Ultimately, your attorney’s job should be to handle all of the complicated aspects of your case, and allow you to focus on your life as much as possible. Having a knowledgeable attorney by your side will not only allow you to avoid certain mistakes that many divorcing couples make, but devote more time to your loved ones. Nonetheless, here are a few mistakes that you can prepare yourself for in advance if you are planning a divorce…

  1. Do not have unreasonably high hopes about your finances.

In a community property state such as California, you can fully expect that the majority of your marital assets are going to be divided evenly. This includes your incomes. If you go into your divorce knowing that this is the case, you will be more prepared and you can plan accordingly. Expect that your sole income is going to go quite a bit further than it used to.1

  1. Do not refuse to communicate with your spouse.

With divorce, more likely than not, comes anger and animosity. Whatever negativity you harbor towards your soon-to-be ex should be kept under control for the divorce proceedings.

By allowing yourself to communicate with the other party, you can come to resolutions about your finances, child custody, and alimony, in a much more efficient and civil manner.
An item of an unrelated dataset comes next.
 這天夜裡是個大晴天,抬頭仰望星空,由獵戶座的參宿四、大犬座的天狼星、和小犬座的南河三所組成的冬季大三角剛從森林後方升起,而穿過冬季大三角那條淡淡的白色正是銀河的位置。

This will certainly save you some time and money in extra attorney’s fees. If you are able to compromise with your spouse on your own, then your attorney will have to spend less time and effort on working around this communication gap and can focus on getting you the best possible results in your case.

  1. Understand equitable distribution.

Equitable distribution does not simply mean that you and your spouse will split all of the assets right down the middle. Understand that when you are beginning the divorce process, a judge is not going to simply grant a 50/50 split. Equitable distribution means that the financial situations of both spouses are heavily weighed, both before and after the divorce, before the assets are “equally” divided.
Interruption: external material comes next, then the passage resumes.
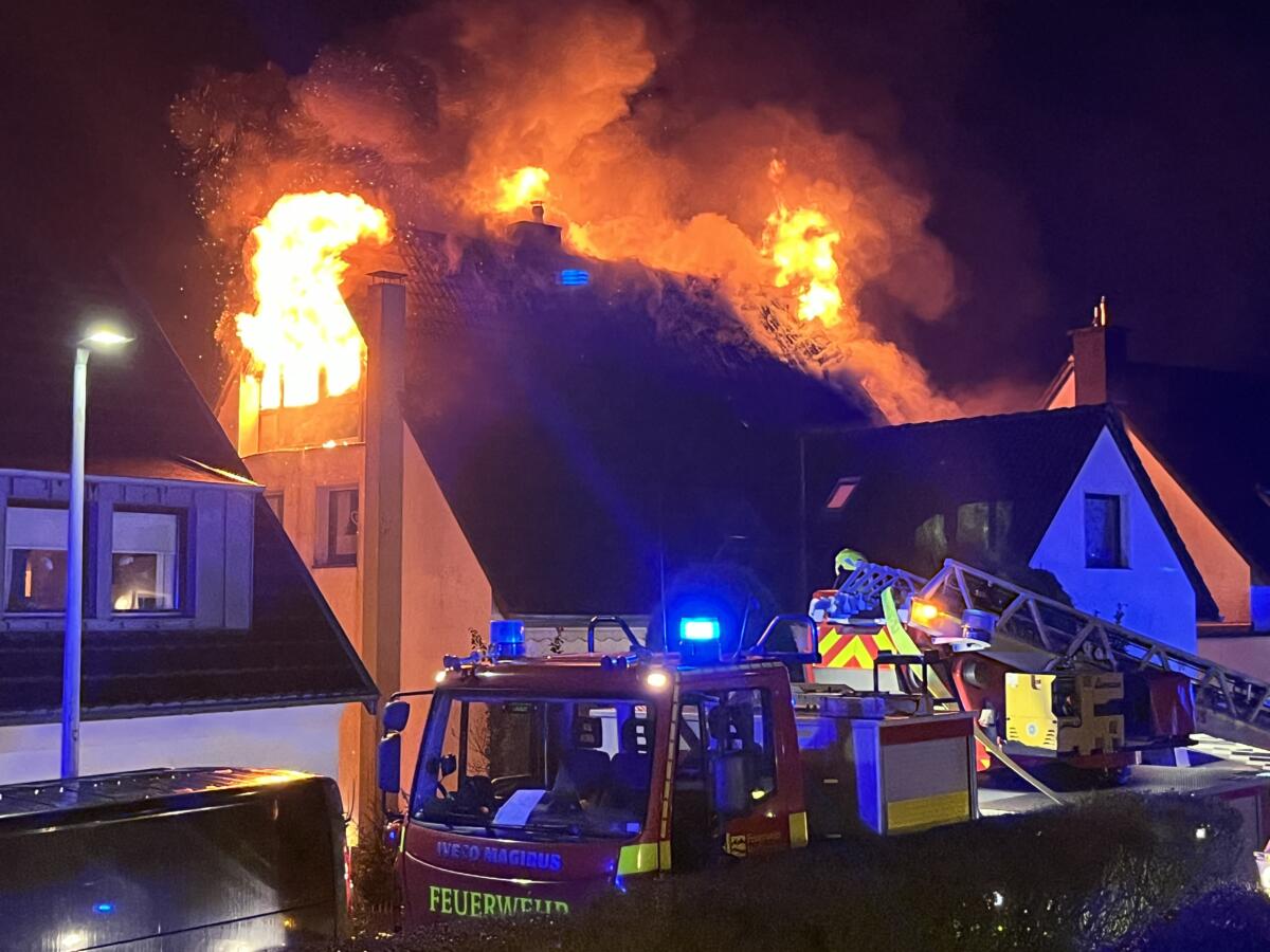 Gegen 17:37 Uhr wurde die Feuerwehr über ein Zimmerbrand im Dachgeschoss des Vier-Parteien-Hauses informiert. Bereits bei Eintreffen der Einsatzkräfte stand die Dachgeschosswohnung in Vollbrand, und das Feuer hatte auf den Dachstuhl übergegriffen. Trotz eines schnellen Löschangriffs über die Drehleiter und mit mehreren Strahlrohren konnte eine starke Beschädigung des Gebäudes nicht verhindert werden. Um 17:52 Uhr wurde Vollalarm für die Feuerwehr Heiligenhaus ausgelöst, insgesamt waren rund 50 Einsatzkräfte rund fünf Stunden im Einsatz.

  1. Don’t approach your divorce with conflict.

The less you fight, the more money and time you will save. If you can begin the divorce process with an open mind and an ability to compromise with your ex, you will save yourself the headache and hassle of constantly fighting over every asset.

  1. Don’t forget the tax implications of your divorce.

This falls right under the umbrella of having false hopes or expectations. Remember that all of the financial decisions you make as part of your divorce will be affected by taxes. This includes claiming children as dependents, splitting stock portfolios and income, etc.

  1. Not protecting yourself by removing your spouse’s name from joint accounts.

Unweaving the web of your finances between you and your spouse is one of the trickiest aspects of divorce. This is why having a skilled attorney guide you through the process is critical.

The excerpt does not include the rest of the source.